- _Problem description_:
What are the lines, word for word, from the line with "The Around Me" up to and including the line with "福建技术师范学院第八届全国大学生数字编辑创新大赛获奖名单" in the records below? Omit the pictures.

### Supplied data

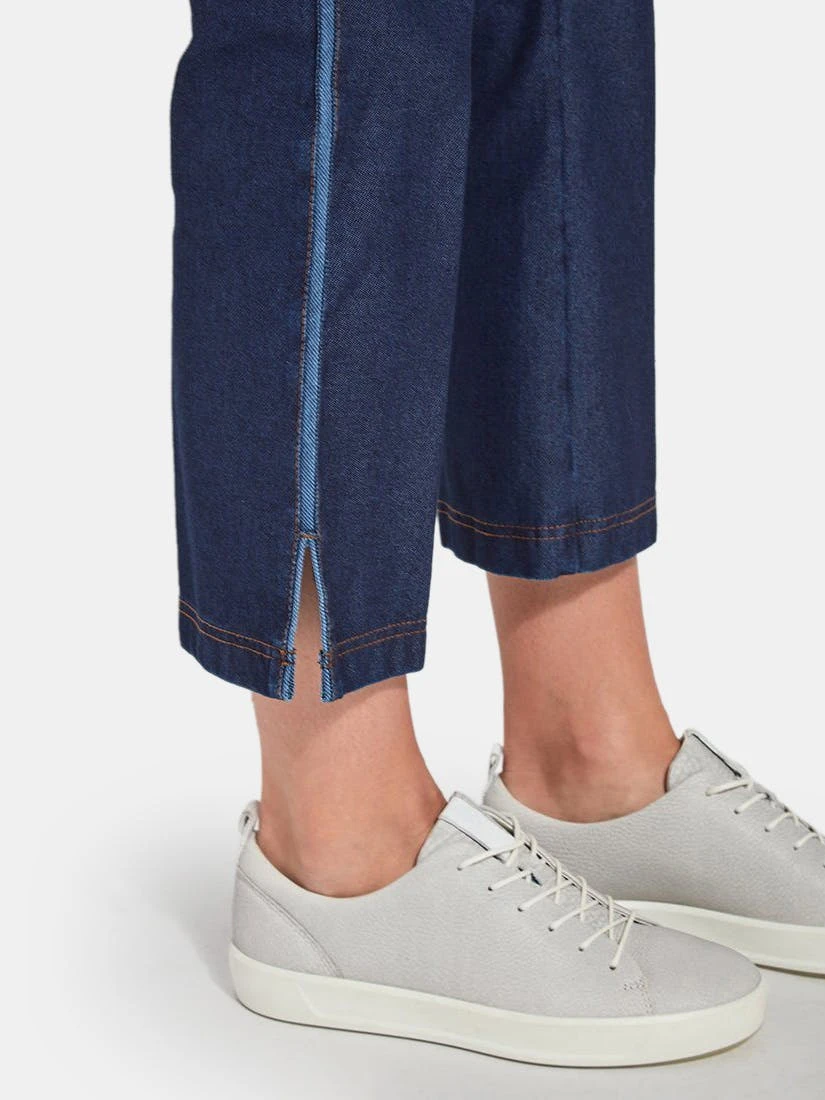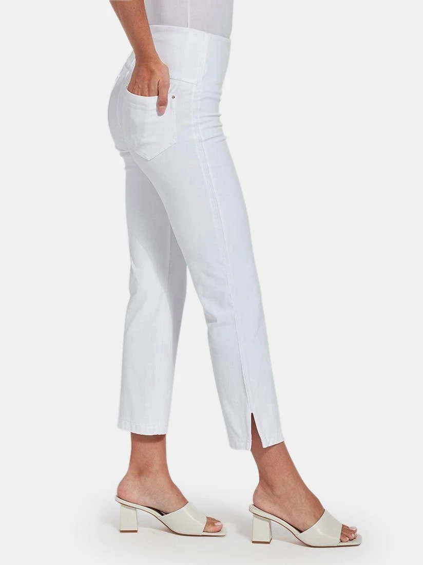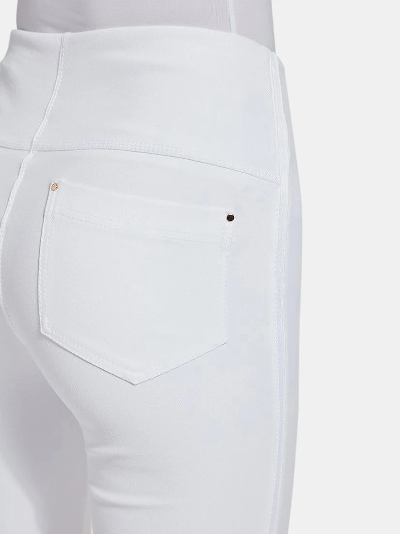 Crafted from eco-friendly Repreve® Knit Denim, these sporty bootcut crops are richly detailed with reverse fabric side inserts, ankle slits, tobacco topstitching and back patch pockets with light gold metal grommets. Featuring a concealed patented waistband and 4x-stretch comfort, the Nala Crop partners perfectly with our Eco Satin Shirt and sneakers.
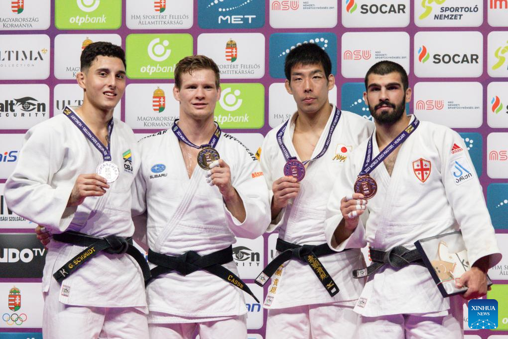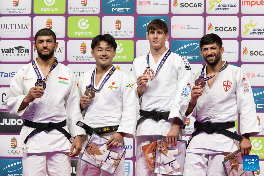 Behruzi Khojazoda of Tajikistan, Hashimoto Soichi of Japan, Petru Pelivan of Moldova and Lasha Shavdatuashvili of Georgia (L to R) pose during the medal ceremony for men's -73kg at the Judo Hungary Masters 2023 in Budapest, Hungary on Aug. 5, 2023. (Photo by Attila Volgyi/Xinhua)
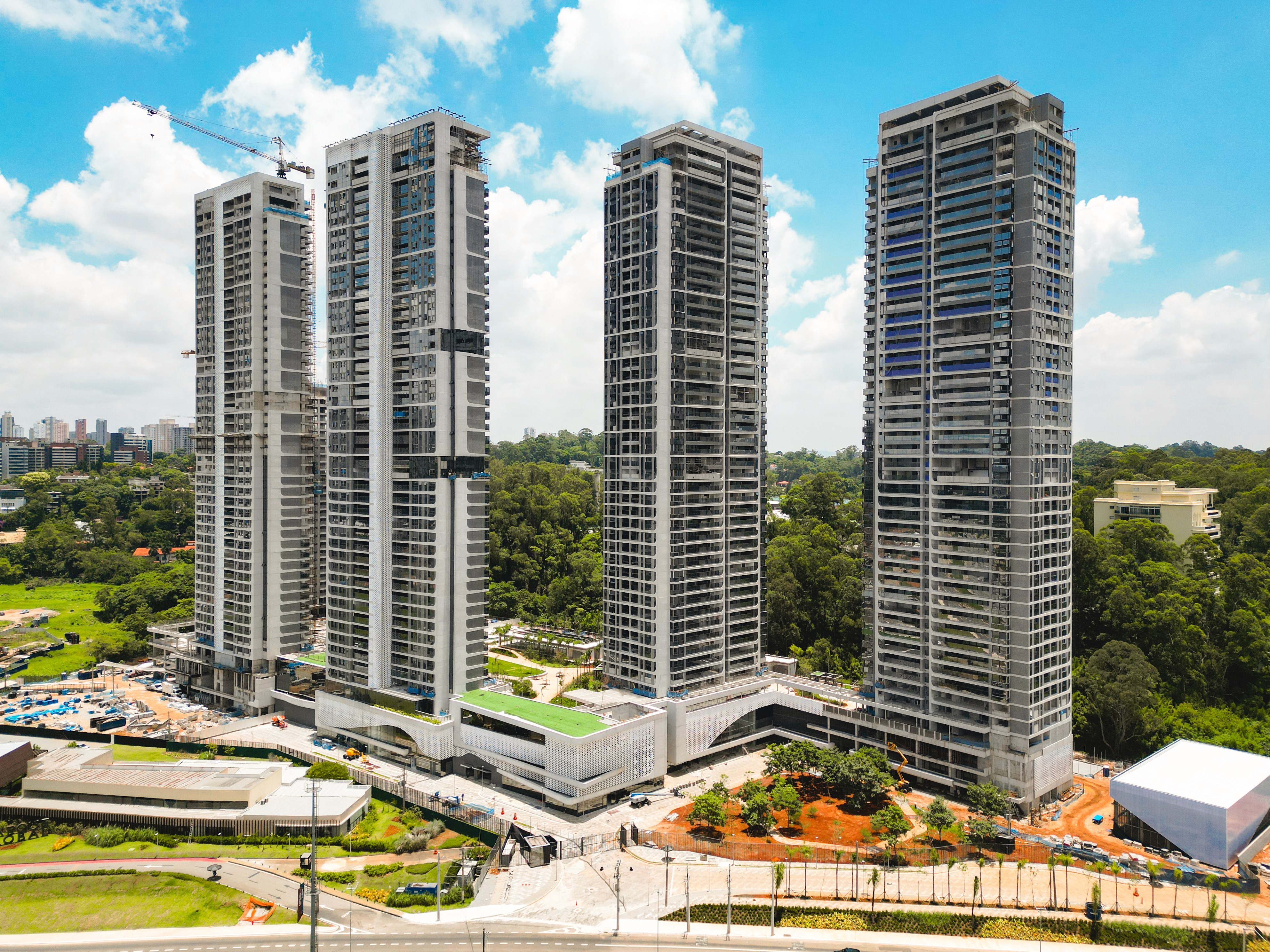 Um dos grandes diferenciais do empreendimento são as fachadas pré-moldadas, desenvolvidas a partir de tecnologias construtivas específicas para edifícios de grande altura, garantindo identidade arquitetônica, desempenho e viabilidade técnica.
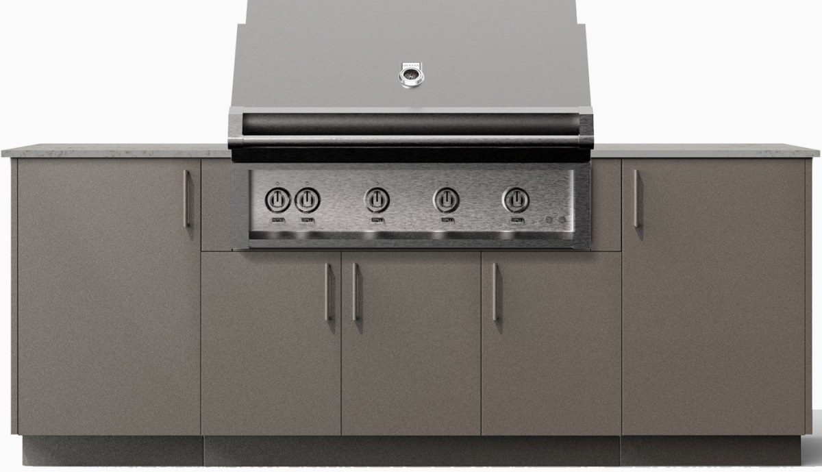 Includes 2 utility cabinets and a grill base cabinet for a 42" built in grill
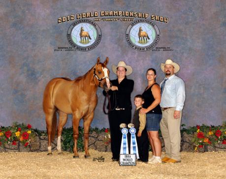 | An Awesome Creation - 2004 Red Dun Gelding 2013 IBHA World Champion Youth 3 and Over Gelding 2011 IBHA World Champion Youth Amateur Western Showmanship 14-18 2011 IBHA Reserve World Champion Youth 3 and Over Gelding 2004 IBH Congress Futurity Champion IBHA Superior Halter |
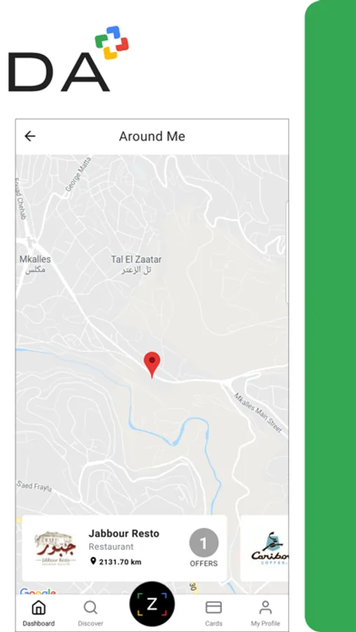 The Around Me feature on the dashboard shows all shops around the user to choose from. It shows as well, while dragging, the shops location on the map with shop category, distance and offers available on each shop.
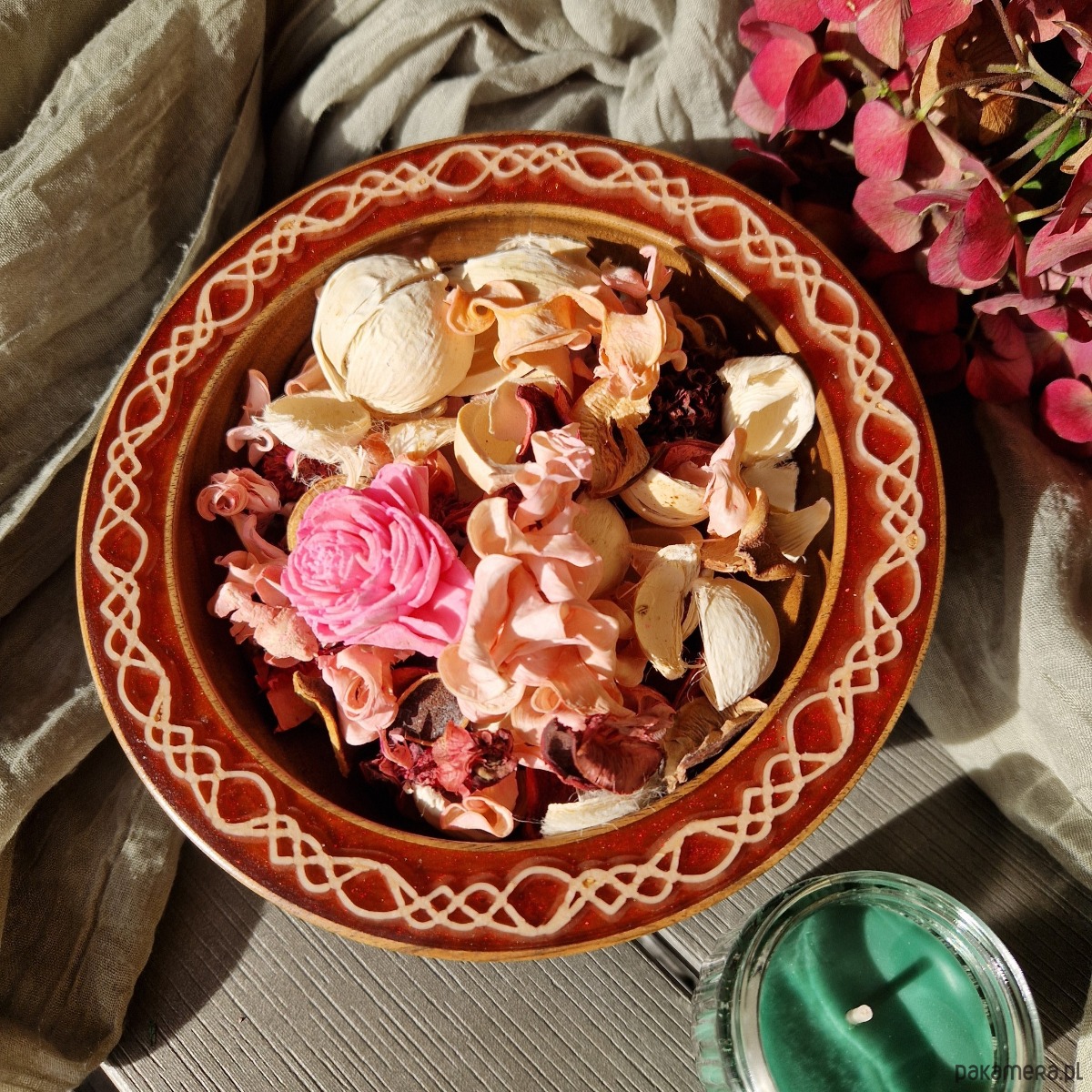 Delikatne, a zarazem praktyczne naczynie jest wielkości małej miseczki śniadaniowej. Można w niej podawać orzechy, suszone owoce lub drobne smakołyki dla gości, lub postawić ją samodzielnie jako magiczny eksponat. Wypełnij ją potpourrie, aby dodać subtelne akcenty zapachowe i kolorystyczne, które dodadzą czaru i atmosfery każdej przestrzeni.
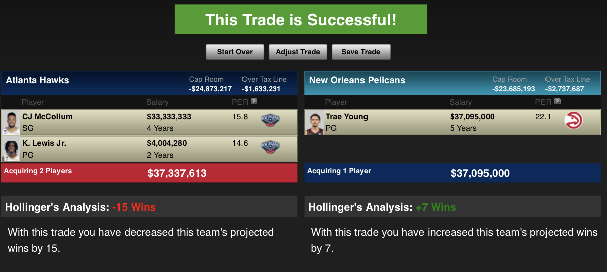 This team needs a TRUE point guard that can score and assist. Zion is never available so take that into account, trae works well with BI and Zion
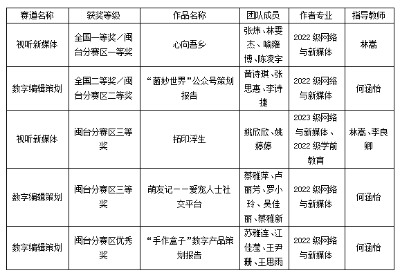 福建技术师范学院第八届全国大学生数字编辑创新大赛获奖名单
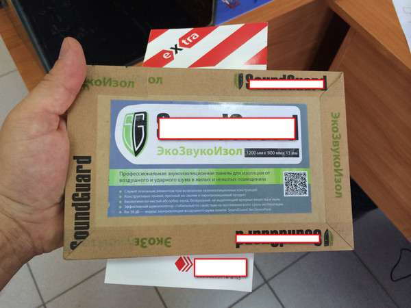 И уже практически договорились монтировать это, если бы не очередной визит к специалистам в ставший уже родным акустический магазин. В этот раз там были не только спецы, но и директор. Он заинтересовался нашими разговорами и поинтересовался у своих, а почему мне не предложили... Стоп, я обещал не делать рекламу и не называть конкретные марки, поэтому на фото внизу название замазано. В общем, материал новый, не широко распространенный, но крайне эффективный. На сегодняшний день, пожалуй, самый эффективный в сфере шумоизоляции. По сути это листы картона, внутри которого располагаются ячейки-соты, засыпанные мельчайшим песком.
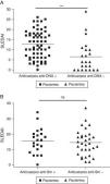 Los datos en la figura 4 muestran la asociación entre SLEDAI y anticuerpos anti-ADN y anticuerpos anti-Sm. Se encontró que los pacientes con anticuerpos anti-ADN positivos presentaban mayor índice de SLEDAI (p<0,0001); no se encontró asociación entre anticuerpos anti-Sm y SLEDAI. Para realizar el análisis de datos entre SLEDAI y anticuerpos anti-ADN, no se tuvo en cuenta la puntuación de dichos anticuerpos en la escala de actividad.

######

- _Response box_:
 The Around Me feature on the dashboard shows all shops around the user to choose from. It shows as well, while dragging, the shops location on the map with shop category, distance and offers available on each shop.
 Delikatne, a zarazem praktyczne naczynie jest wielkości małej miseczki śniadaniowej. Można w niej podawać orzechy, suszone owoce lub drobne smakołyki dla gości, lub postawić ją samodzielnie jako magiczny eksponat. Wypełnij ją potpourrie, aby dodać subtelne akcenty zapachowe i kolorystyczne, które dodadzą czaru i atmosfery każdej przestrzeni.
 This team needs a TRUE point guard that can score and assist. Zion is never available so take that into account, trae works well with BI and Zion
 福建技术师范学院第八届全国大学生数字编辑创新大赛获奖名单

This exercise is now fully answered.